改めて、宮尾さんに研究開発部についてうかがってみましょう。

「酵母や遺伝子など、基礎的な研究に力を入れることももちろん大切です。ただ、これだけ技術が進歩していますから、それだけで素晴らしい何かを生み出すことは難しいでしょう。それなら、お客様が求めているものをとことん模索し、今ある技術を活用してそれを形にしていけば良いのではないでしょうか」

あくまで「お客様」がゴールなんですね。

「そうです。ゴールから逆算するというのは、理系特有の考え方でもありますし、菊水酒造の企業姿勢でもあります。たとえば『ふなぐち菊水一番しぼり』は"旨い生酒を多くの人に届けたい"というゴールに向かってひたすら進み続けて生まれた商品です。その姿勢があったから、ほとんど使われていなかった"缶"という容器に目が向いたのです。この姿勢はこれからも変わることはありません」

"お客様"ありきなので、研究とはいえ、論文をまとめるなど、内向きの作業は一切頭にないのだそうです。「どうしたらお客様が喜んでくれるか」をひたすら考え続けているのですね。
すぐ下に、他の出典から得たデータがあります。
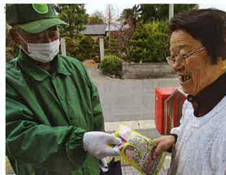
「本当に、お年寄りのお金を狙うなんて怖いね〜」

浜北の地域安全推進員の皆さんは地元の方々のお知り合いも多いうえに信頼が厚く、活動時写真の撮影許可をいただく際に快く応じていただけます。この笑顔を守るため、みどりの街をオールグリーンにするべく地域安全活動を続けていきます。
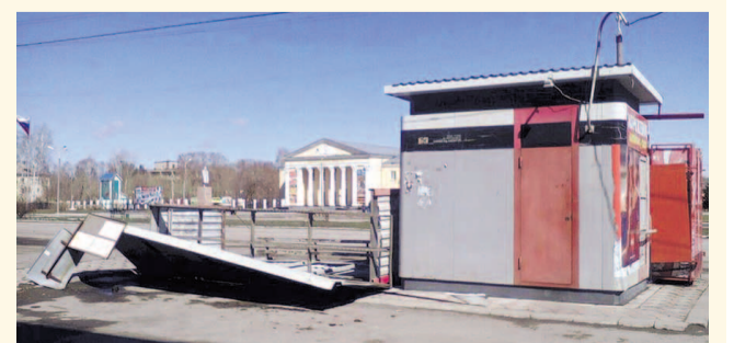
НА ФОТО: УНЕСЕННАЯ ВЕТРОМ ОСТАНОВКА
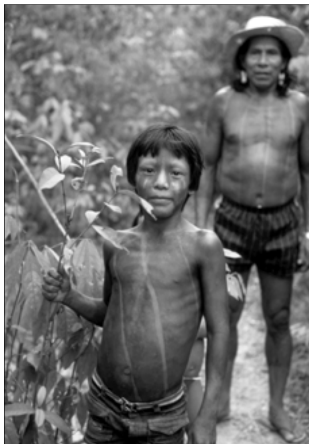
Figura 1. Dos indígenas kayapo en un sendero bordeado por plantas medicinales en el bosque lluvioso, Parque Nacional Amazonia de Parà, Brasil.

Las Partes de la CMNUCC se orientan según el principio de que las actividades forestales y de uso de la tierra deben contribuir a la conservación de la biodiversidad y el uso sostenible de los recursos naturales. 3 Asimismo, se les pide cumplir con sus compromisos bajo la Convención de la Diversidad Biológica (CDB) y otros convenios internacionales que rigen sobre el medio ambiente relacionados con el manejo sostenible de bosques y la agricultura. 4 Además, se espera que minimicen la degradación ambiental que resulta de actividades forestales y de uso de la tierra, mediante el empleo de estrategias tales como valoraciones de impactos. 5 UICN – La Unión Mundial para la Naturaleza y el Programa de Naciones Unidas para el Medio Ambiente (PNUMA) han expresado un fuerte apoyo a las actividades forestales y uso de la tierra administradas bajo el Protocolo de Kyoto, que sean ambientalmente y socialmente equitativas. 6
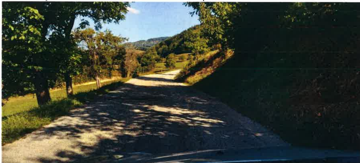
Slika: Dotrajan odsek ceste Hom – Ravne nad Šentrupertom
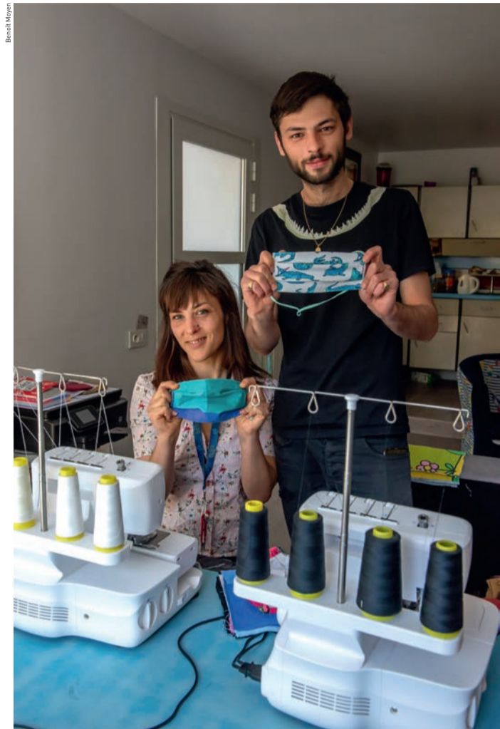
La fabricante de vêtements sur mesure Audrey Thomas confectionne des masques barrières selon le modèle préconisé par l'Association française de normalisation (Afnor).

l'Association française de normalisation (Afnor). « Nous les distribuons gratuitement aux personnes en première ligne de cette crise, comme les caissiers, les facteurs, les éboueurs ou encore les livreurs », explique l'Ovilleoise. « Nous avons également décidé de faire un don de masques à la Ville, afin qu'elle puisse les redistribuer en fonction des urgences actuelles », précise-t-elle. Ce sont plus de 100 masques qui ont déjà ainsi été offerts.

「歴史を知る意義はもうひとつあります。アイデアって、ゼロから生まれるものではないと思うんですね。古いものと新しいものの組み合わせとか、古いものを復刻するとか、そういうことがモノづくりの根幹のはずです。江戸時代の人は、日本酒を心から楽しんでいました。その楽しみ方を現代風にアレンジして、伝えていきたいですね」

文化伝承、そして日本酒の楽しさを若い世代へ伝える活動として、地元大学での課外授業も予定しているそうです。酒造りを知って「日本酒=楽しい」というイメージが湧けば、日本酒を好きな人が増えていきそうですね。

理系・文系、さまざまなアプローチで、日本酒の魅力を探る部署

「研究」というと、どうしても数字やデータに没頭するイメージが付いてきますが、菊水酒造の研究開発部にはそういう印象はまったくありませんでした。きっと、数字やデータはお客様にとって”直接の価値”ではないと分かっているからなのでしょう。

菊水酒造の方にお会いすると、必ず「いかにお客様に楽しんでいただくか」というお話になります。今回の研究開発部でも同じでした。営業職のように直接お客様と対峙する仕事ではなくても、常にお客様が目の前にいるかのように仕事を行っている…。菊水酒造のブレない企業姿勢をここでも感じることができました。